A: First off, we need to get rid of this notion that one team owns user research at any company. User research needs to be democratized, and it needs to help everybody; the closer a company stays to its customers the better the products are… What we need to start doing is defining why we're doing user research. What hypotheses are we actually answering when we go out and do it? Which teams are doing that?... We all have to be product people… staying in touch with our customer is the whole point of building great products, so I would focus on what you're trying to learn and how it's different from what other teams are learning. [2:41]

Q: Should every product manager have a 2 to 10-year vision and strategy, or should each respective PM rather craft division and strategy only covering the current strategic intent? [7:27]

A: Here's the thing about visions: 2 to 10 years is a very wide range for visions, and it does make sense, but it depends on what level you're at. There are many many different levels of visions; there’s a company vision which should be 5 to 10 years out… then there's the product suite vision which is what the CPO is responsible for and should be 3 to 5 years out.

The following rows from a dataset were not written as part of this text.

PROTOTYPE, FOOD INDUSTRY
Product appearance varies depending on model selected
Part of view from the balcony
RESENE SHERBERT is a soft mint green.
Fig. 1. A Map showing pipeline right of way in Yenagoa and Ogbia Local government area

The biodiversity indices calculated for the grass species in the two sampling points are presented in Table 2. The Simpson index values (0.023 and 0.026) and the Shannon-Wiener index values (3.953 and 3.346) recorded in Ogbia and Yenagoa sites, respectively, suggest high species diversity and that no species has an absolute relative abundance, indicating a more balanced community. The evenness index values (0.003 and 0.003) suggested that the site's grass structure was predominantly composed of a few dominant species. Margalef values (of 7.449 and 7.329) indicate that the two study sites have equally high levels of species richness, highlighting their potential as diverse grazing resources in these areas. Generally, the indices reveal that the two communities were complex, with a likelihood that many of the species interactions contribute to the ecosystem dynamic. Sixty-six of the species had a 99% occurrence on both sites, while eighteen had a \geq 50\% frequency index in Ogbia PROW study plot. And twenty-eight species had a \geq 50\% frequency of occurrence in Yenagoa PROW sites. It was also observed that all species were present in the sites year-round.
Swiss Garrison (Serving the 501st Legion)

Now we go onto the individual product visions, which is what the product managers own: how do these individual products or value streams roll up into that vision of the suite of product, and what does each one do to deliver value? That's gonna be in a shorter time horizon than the suite of products and it really just depends on how far along and mature each product is. If you believe you can reach the vision of your company in five years, sweet! Your strategic intents are probably going to be on a six month to one year time horizon, maybe one year to 1 and a half. [8:40]

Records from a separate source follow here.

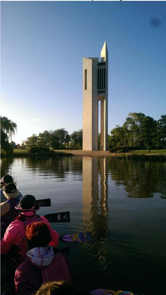
A calm moment for Dragons Abreast Canberra, National Carillon, 29 November 2016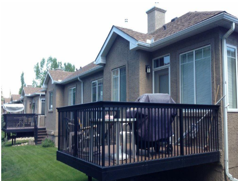
CCN 9710795 - Signal Hill Villas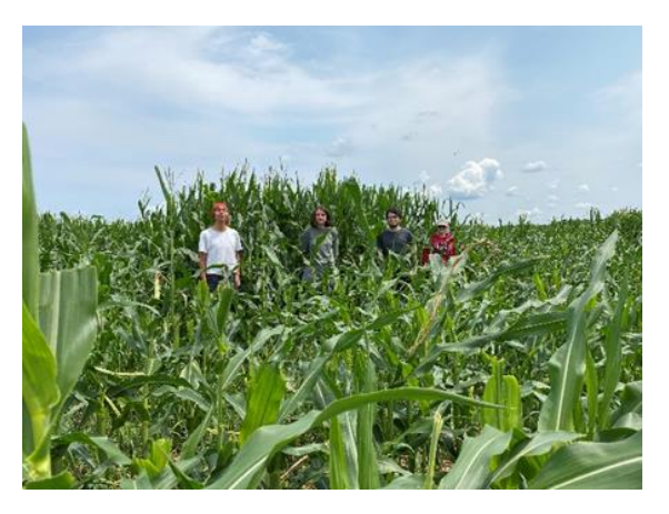
Figure 5. Students help to demonstrate extreme deer damage to corn.

We fail to recognize that the farmers we see out in the fields were up much of the night dealing with deer that were eating their crops.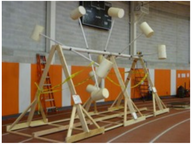
Rotating Mallet Field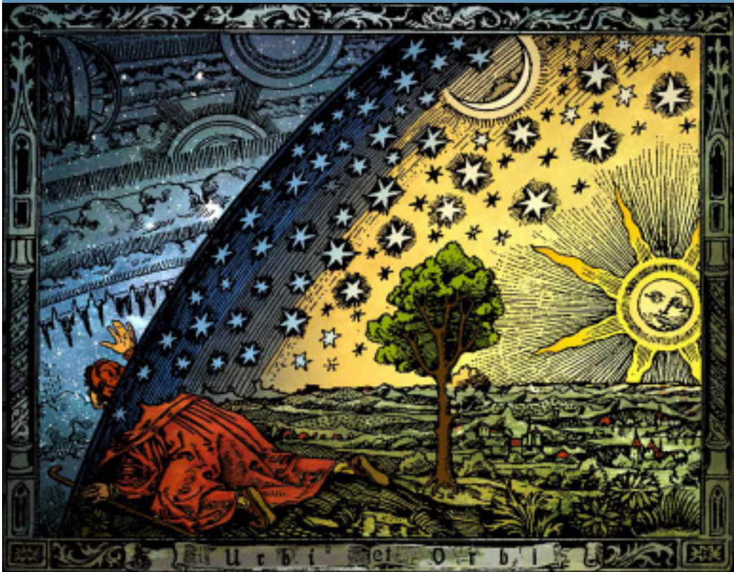
C. Flammarion, Universum , Paris, 1888

FIRST SUNDAY OF ADVENT NOVEMBER 28, 2021 • 11:00 AM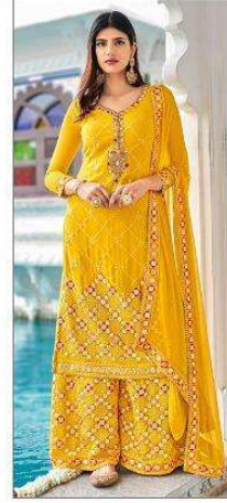
▶ 1318 ◀

Q: How do you know when you have too many features in your product? Any suggestions on how to change the mindset that more is better? [13:26]

A: Everybody forgets that it’s not free to maintain software, so introduce the notion of cost into your organization, especially your product organization. I [would] advise product leaders to do an audit of their features and products from a cost and revenue standpoint. Step one is to figure out what you spend in the year to maintain all your features… Also, don't just think in terms of tech, look at support too. Once you have that, let's think about any improvements you’ll need to make for the next year to maintain it, and how much that would cost as well. So now we have a cost, and now we compare it to the revenue that we get from those features. [14:01]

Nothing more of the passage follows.